YOUR OBJECTIVE |
The records below are to be restated word for word; their pictures are not.

DATA FOR PROCESSING |
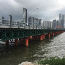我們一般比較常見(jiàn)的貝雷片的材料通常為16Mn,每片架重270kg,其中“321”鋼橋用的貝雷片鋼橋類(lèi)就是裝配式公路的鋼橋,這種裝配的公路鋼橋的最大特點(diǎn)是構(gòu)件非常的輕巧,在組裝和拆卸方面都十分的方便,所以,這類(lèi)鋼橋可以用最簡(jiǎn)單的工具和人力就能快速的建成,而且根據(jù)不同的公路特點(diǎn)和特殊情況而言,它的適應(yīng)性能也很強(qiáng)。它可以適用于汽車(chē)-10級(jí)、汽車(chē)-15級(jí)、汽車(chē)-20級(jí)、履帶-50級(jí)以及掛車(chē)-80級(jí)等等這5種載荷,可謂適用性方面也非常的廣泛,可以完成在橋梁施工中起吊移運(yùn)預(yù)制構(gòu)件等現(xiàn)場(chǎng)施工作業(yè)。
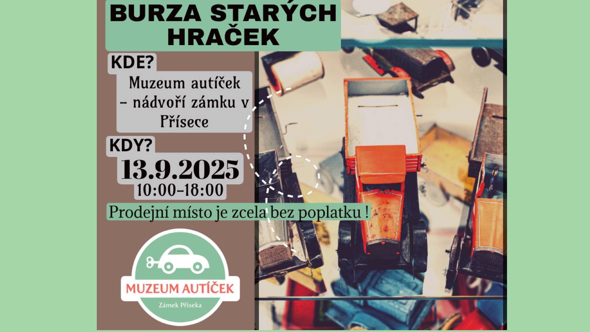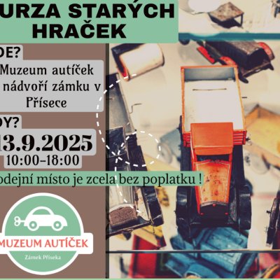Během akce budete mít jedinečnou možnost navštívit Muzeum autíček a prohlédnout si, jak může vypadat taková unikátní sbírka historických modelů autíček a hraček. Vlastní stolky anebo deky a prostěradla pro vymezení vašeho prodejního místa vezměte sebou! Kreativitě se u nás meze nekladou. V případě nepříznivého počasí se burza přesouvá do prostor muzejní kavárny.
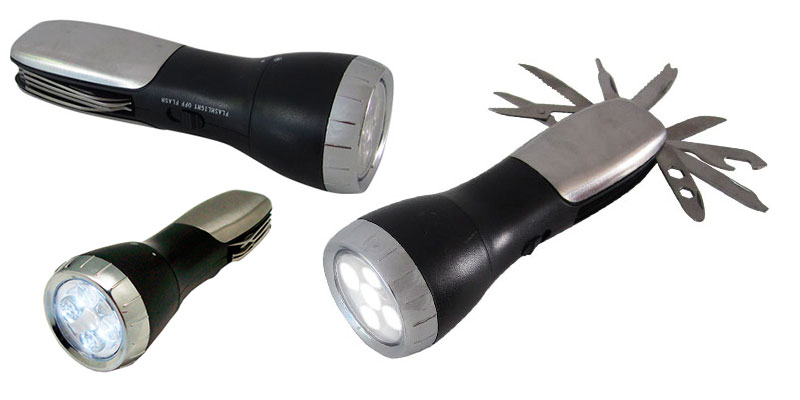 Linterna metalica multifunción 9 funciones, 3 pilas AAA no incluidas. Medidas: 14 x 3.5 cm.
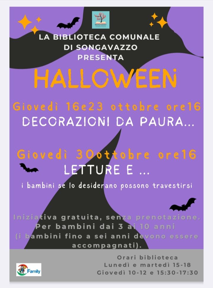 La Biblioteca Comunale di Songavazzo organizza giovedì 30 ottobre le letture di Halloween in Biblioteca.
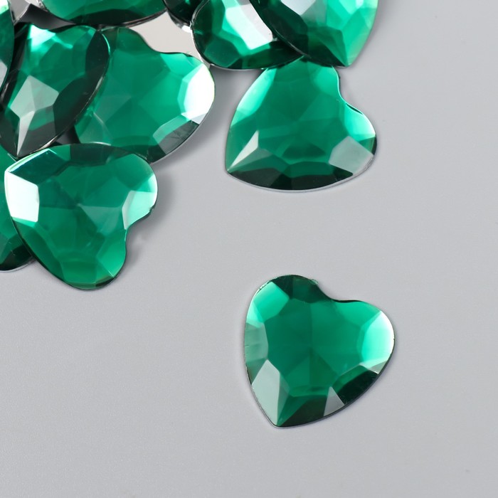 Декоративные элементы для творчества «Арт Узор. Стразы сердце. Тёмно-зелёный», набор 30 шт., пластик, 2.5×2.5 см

OUTPUT |
我們一般比較常見(jiàn)的貝雷片的材料通常為16Mn,每片架重270kg,其中“321”鋼橋用的貝雷片鋼橋類(lèi)就是裝配式公路的鋼橋,這種裝配的公路鋼橋的最大特點(diǎn)是構(gòu)件非常的輕巧,在組裝和拆卸方面都十分的方便,所以,這類(lèi)鋼橋可以用最簡(jiǎn)單的工具和人力就能快速的建成,而且根據(jù)不同的公路特點(diǎn)和特殊情況而言,它的適應(yīng)性能也很強(qiáng)。它可以適用于汽車(chē)-10級(jí)、汽車(chē)-15級(jí)、汽車(chē)-20級(jí)、履帶-50級(jí)以及掛車(chē)-80級(jí)等等這5種載荷,可謂適用性方面也非常的廣泛,可以完成在橋梁施工中起吊移運(yùn)預(yù)制構(gòu)件等現(xiàn)場(chǎng)施工作業(yè)。
Během akce budete mít jedinečnou možnost navštívit Muzeum autíček a prohlédnout si, jak může vypadat taková unikátní sbírka historických modelů autíček a hraček. Vlastní stolky anebo deky a prostěradla pro vymezení vašeho prodejního místa vezměte sebou! Kreativitě se u nás meze nekladou. V případě nepříznivého počasí se burza přesouvá do prostor muzejní kavárny.
 Linterna metalica multifunción 9 funciones, 3 pilas AAA no incluidas. Medidas: 14 x 3.5 cm.
 La Biblioteca Comunale di Songavazzo organizza giovedì 30 ottobre le letture di Halloween in Biblioteca.
 Декоративные элементы для творчества «Арт Узор. Стразы сердце. Тёмно-зелёный», набор 30 шт., пластик, 2.5×2.5 см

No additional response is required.